Mobile & edge case constraint
Globally, a majority of users access the internet via mobile devices, which often present unique challenges and edge cases to consider when enabling large-file uploads.
For one, mobile devices generally have slower network speeds and stricter data limits compared to wired connections, leading to issues such as timeouts and network interruptions.
What about a situation where a user wants to switch between apps while uploading is happening, but the browser suspends background activities to conserve battery? Or the user’s device may be in battery-saving mode, in which the mobile OS aggressively shuts down non-essential tasks, interrupting the upload process.?
It is also possible that the device has limited storage or the OS has specific limitations that may cause issues with uploading large files. This could result in the device crashing or stalling uploads.
Server limitations
Handling large file uploads is not just about configuring servers; it also involves determining the maximum file size your server can handle.
Factors such as your server’s storage, memory, and the number of concurrent tasks it can handle simultaneously can be issues.
Yes, your server might be able to handle a single large file upload by default, but what happens when 1,000 users upload large files simultaneously, and your server needs to process them all?

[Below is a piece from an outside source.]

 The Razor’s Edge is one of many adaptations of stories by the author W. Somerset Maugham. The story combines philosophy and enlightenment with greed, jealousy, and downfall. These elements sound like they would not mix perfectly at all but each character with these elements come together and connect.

Proven techniques for handling large file uploads
How do you handle large files and avoid problems related to large file uploads while ensuring your users have a good experience? The following techniques are some of the best practices for handling file uploads.
1. Chunk file uploads: Split large files into manageable parts
Chunking involves breaking a large file into smaller parts (chunks) and uploading them individually. This method makes error management easier, as only the failed chunk needs to be re-uploaded. Additionally, chunking helps efficiently manage memory and bandwidth usage.

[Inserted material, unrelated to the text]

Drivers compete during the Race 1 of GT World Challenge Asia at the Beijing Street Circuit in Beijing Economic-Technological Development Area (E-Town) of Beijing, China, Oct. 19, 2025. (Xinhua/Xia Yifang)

To implement chunking, programmatically split the large files into smaller chunks and upload them sequentially to your server. Next, set up a backend service to combine all the chunk files into the original file.
Once that is done, you can then return a response or the URL of the uploaded file to the frontend of your application, allowing users to access it.
For example, say you have an HTML form with an input that you would like to use for uploading large files (in this case, let’s consider a large file to be a file above 10 MB) with the following markup:
<form id="upload-form">
<input type="file" id="file-upload">
<button type="submit">Upload file</button>
</form>
Using JavaScript on the frontend, you can split the large file into smaller chunks and upload them individually using the code below:
document.getElementById('upload-form').addEventListener('submit', e => {
e.preventDefault();
uploadFile();
});
async function uploadFile() {
const fileInput = document.getElementById('file-upload');
const file = fileInput.files[0];
if (!file) {
alert('Please select a file to upload');
return;
}
const chunkSize = 5 * 1024 * 1024; // 5MB chunks
const totalChunks = Math.ceil(file.size / chunkSize);
const fileId = generateFileId(); // Generate unique ID for this upload
console.log(`Uploading file: ${file.name}, Size: ${file.size}, Chunks: ${totalChunks}`);
try {
// Upload all chunks
for (let chunkIndex = 0; chunkIndex < totalChunks; chunkIndex++) {
const start = chunkIndex * chunkSize;
const end = Math.min(start + chunkSize, file.size);
const chunk = file.slice(start, end);
await uploadChunk(chunk, chunkIndex, totalChunks, fileId, file.name);
// Update progress
const progress = ((chunkIndex + 1) / totalChunks) * 100;
console.log(`Upload progress: ${progress.toFixed(2)}%`);
}
await mergeChunks(fileId, totalChunks, file.name);
console.log('File upload completed successfully!');
} catch (error) {
console.error('Upload failed:', error);
}
}
async function uploadChunk(chunk, chunkIndex, totalChunks, fileId, fileName) {
const formData = new FormData();
formData.append('chunk', chunk);
formData.append('chunkIndex', chunkIndex);
formData.append('totalChunks', totalChunks);
formData.append('fileId', fileId);
formData.append('fileName', fileName);
const response = await fetch('/upload-chunk', {
method: 'POST',
body: formData
});
if (!response.ok) {
throw new Error(`Failed to upload chunk ${chunkIndex}`);
}
return response.json();
}
async function mergeChunks(fileId, totalChunks, fileName) {
const response = await fetch('/merge-chunks', {
method: 'POST',
headers: {
'Content-Type': 'application/json'
},
body: JSON.stringify({
fileId,
totalChunks,
fileName
})
});
if (!response.ok) {
throw new Error('Failed to merge chunks');
}
return response.json();
}
function generateFileId() {
return Date.now().toString(36) + Math.random().toString(36);
}
The code above splits a large file upload into smaller chunks (5 MB in size) and uploads them in bits to a server.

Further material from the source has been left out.